Alors que la baie abrite la plus grande réserve naturelle de Bretagne, intégrée dans le réseau Natura 2000, la France semble sous-estimer les conséquences environnementales de telles décisions. Ainsi, les associations Sea Shepherd et Gardez les caps se sont engagées dans une opération de diffusion d’un tel scandale.

Une guerre informationnelle bâtie sur une forte médiatisation du scandale

Entre communiqués de presse, campagnes, affiches et opérations en mer, l’association de défense des océans Sea Shepherd s’engage dans une guerre de l’information acharnée contre les décisions des acteurs pro-éoliens sur le chantier de Saint-Brieuc. L’ONG dénonce que « tous les projets français d’éolien en mer sont en contradiction avec les politiques de protection de l’environnement marin ».
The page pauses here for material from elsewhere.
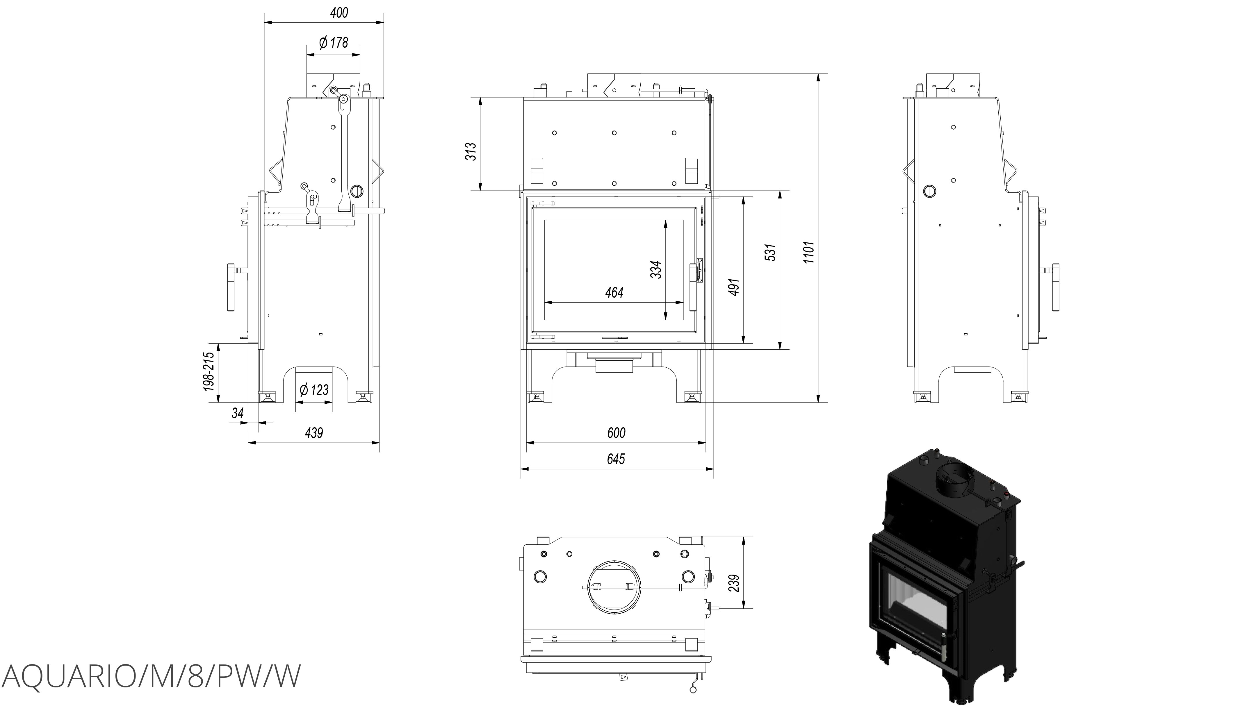 Каминная топка Kratki Aquario/M/8/PW/W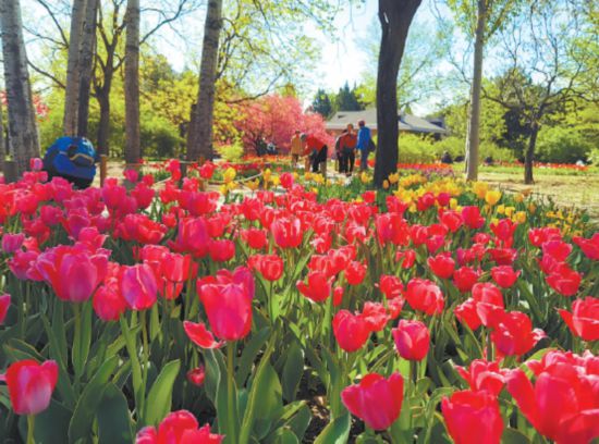 目前正值北京植物園第33屆桃花觀賞季舉辦期間,除郁金香外,園區內的桃花、海棠、丁香等近百種(含品種)春花目前都已進入觀賞期,可謂群芳薈萃、百花爭艷,共同展現最美麗的春天,是市民游客踏青賞春的理想去處。 本報記者 吳鏑攝

Les ONG qui luttent contre ce projet ont engagé une communication de masse sur les réseaux et ont réalisé des interventions chocs pour déstabiliser à la fois l’opinion publique et la crédibilité des acteurs pro-éoliens. En effet, au travers de tous les différents moyens de communication, elles tentent en vain de sensibiliser la population et l’échiquier politique aux causes environnementales et animales, dont nuisent les éoliennes marines.

De plus, dans un contexte de transition énergétique et dans un contexte où la population devient de plus en plus soucieuse de l’environnement, quoi de mieux pour les anti-éoliens de marquer des points d’arrêt sur ces causes non respectées par le futur parc éolien marin, notamment en touchant les attentes légitimes de la société civile. Néanmoins, cette guerre de l’information parait unilatérale. En effet, les associations de défense de l’environnement et les comités luttant contre le chantier éolien en mer de Saint-Brieuc diffusent une forte communication sur tous les plans pour déstabiliser l’adversaire et affaiblir sa réputation.

Les pro-éoliens optent pour une stratégie de défense plus discrète, en gardant le silence contre les revendications des anti-éoliens, démontrant ainsi leur force et leur certitude dans la réalisation de ce projet offshore. Le gouvernement français ainsi que toutes les sociétés en charge du chantier détiennent une forte capacité à résister à la communication de masse délivrée par les anti-éoliens à leur encontre. 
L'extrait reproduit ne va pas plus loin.